Data Engineer - Pune, India - Coditas
Description
We are looking for data engineers who have the right attitude, aptitude, skills, empathy, compassion, and hunger for learning. Build products in the data analytics space. A passion for shipping high-quality data products, interest in the data products space; curiosity about the bigger picture of building a company, product development and its people.
Roles and Responsibilities
● Develop and manage robust ETL pipelines using Apache Spark (Scala)
● Understand Spark concepts, performance optimization techniques and governance tools
● Develop a highly scalable, reliable, and high-performance data processing pipeline to extract, transform and load data from various systems to the Enterprise Data Warehouse/Data Lake/Data Mesh
● Collaborate cross-functionally to design effective data solutions
● Implement data workflows utilizing AWS Step Functions for efficient orchestration. Leverage AWS Glue and Crawler for seamless data cataloging and automation.
● Monitor, troubleshoot, and optimize pipeline performance and data quality
● Maintain high coding standards and produce thorough documentation.
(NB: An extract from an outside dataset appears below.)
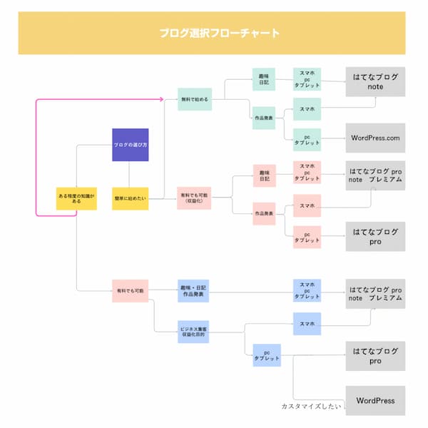 ブログの選び方のブロックからスタートして次々と選択していくとあなたの目的にぴったりのブログサービスが分かります。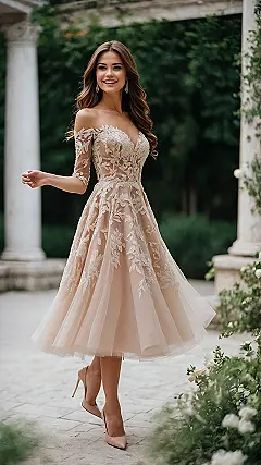 Get ready to ditch any thoughts of awkwardly showing up in jeans or, worse, something that screams ‘I tried too hard to look like the bride!’ This picture perfectly captures the vibe of the latest wedding guest outfits: chic, comfy, and totally dance-floor-ready (if you can manage in those heels, good luck!). The intricate lace and off-the-shoulder cut on this dress are like a secret weapon, making you look effortlessly stunning without accidentally upstaging anyone important. Plus, that confident smile? Probably because she knows she nailed the ‘best dressed guest’ award without even trying.

Contribute to high-level (HLD) and low-level (LLD) design discussions.
Technical Skills
● Minimum 3 years of progressive experience building solutions in Big Data environments.
● Have a strong ability to build robust and resilient data pipelines which are scalable, fault tolerant and reliable in terms of data movement.
● 3+ years of hands-on expertise in Python, Spark and Kafka.
● Strong command of AWS services like EMR, Redshift, Step Functions, AWS Glue, and AWS Crawler.
● Strong hands-on capabilities on SQL and NoSQL technologies.
● Sound understanding of data warehousing, modeling, and ETL concepts
● Familiarity with High-Level Design (HLD) and Low-Level Design (LLD) principles
● Excellent written and verbal communication skills.